We consider the problem of tracking quantiles in wireless sensor networks with efficient communication cost. Compared with the algebraic aggregations such as Sum, Count, or Average, holistic aggregations such as quantiles can better characterize data distribution. Let \(S(t) = (d_1, \ldots , d_n)\) be the multi-set of sensory data that have arrived until time \(t\) in the entire network, which is a sequence of data orderly collected by nodes \(s_1, s_2, \ldots , s_k\). The goal is to continuously track \(\epsilon \)-approximate \(\phi \)-quantiles \((0 \le \phi \le 1)\) of \(S(t)\) at the sink for all \(\phi \)’s with efficient total communication cost and balanced individual communication cost.
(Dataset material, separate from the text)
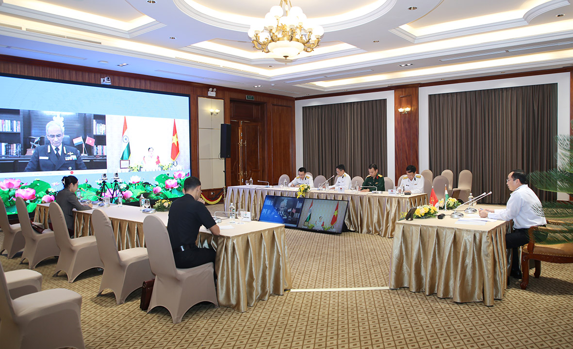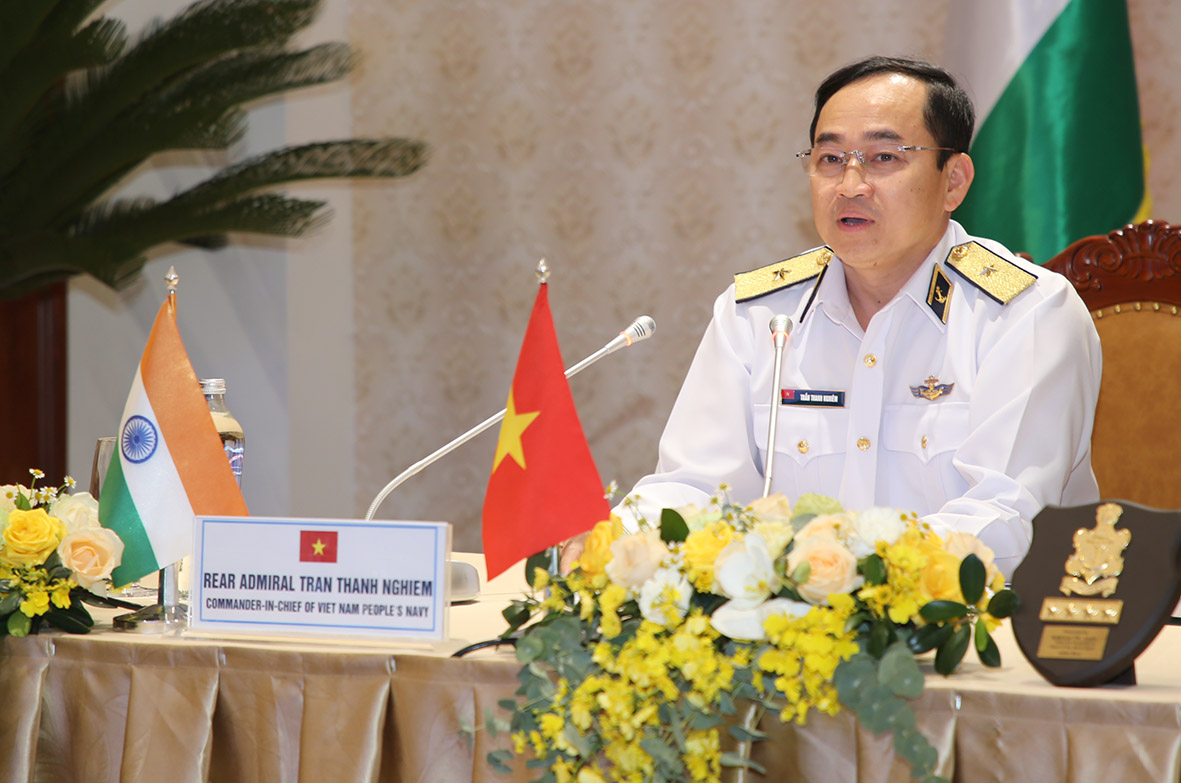 Chiều 24-11, tại trụ sở Cục Đối ngoại, Bộ Quốc phòng Việt Nam (Hà Nội), Chuẩn Đô đốc Trần Thanh Nghiêm, Tư lệnh Hải quân Việt Nam đã điện đàm trực tuyến với Đô đốc Ka-ram-bia Sinh, Tư lệnh Hải quân Ấn Độ.

In this paper, a deterministic tracking algorithm based on a dynamic binary tree is proposed to track \(\epsilon \)-approximate \(\phi \)-quantiles \((0 \le \phi \le 1)\) in wireless sensor networks, whose total communication cost is \(O(k / \epsilon \cdot \log n \cdot \log ^2 (1 / \epsilon ))\), where \(k\) is the number of the nodes in a network, \(n\) is the total number of the data items, and \(\epsilon \) is the required approximation error.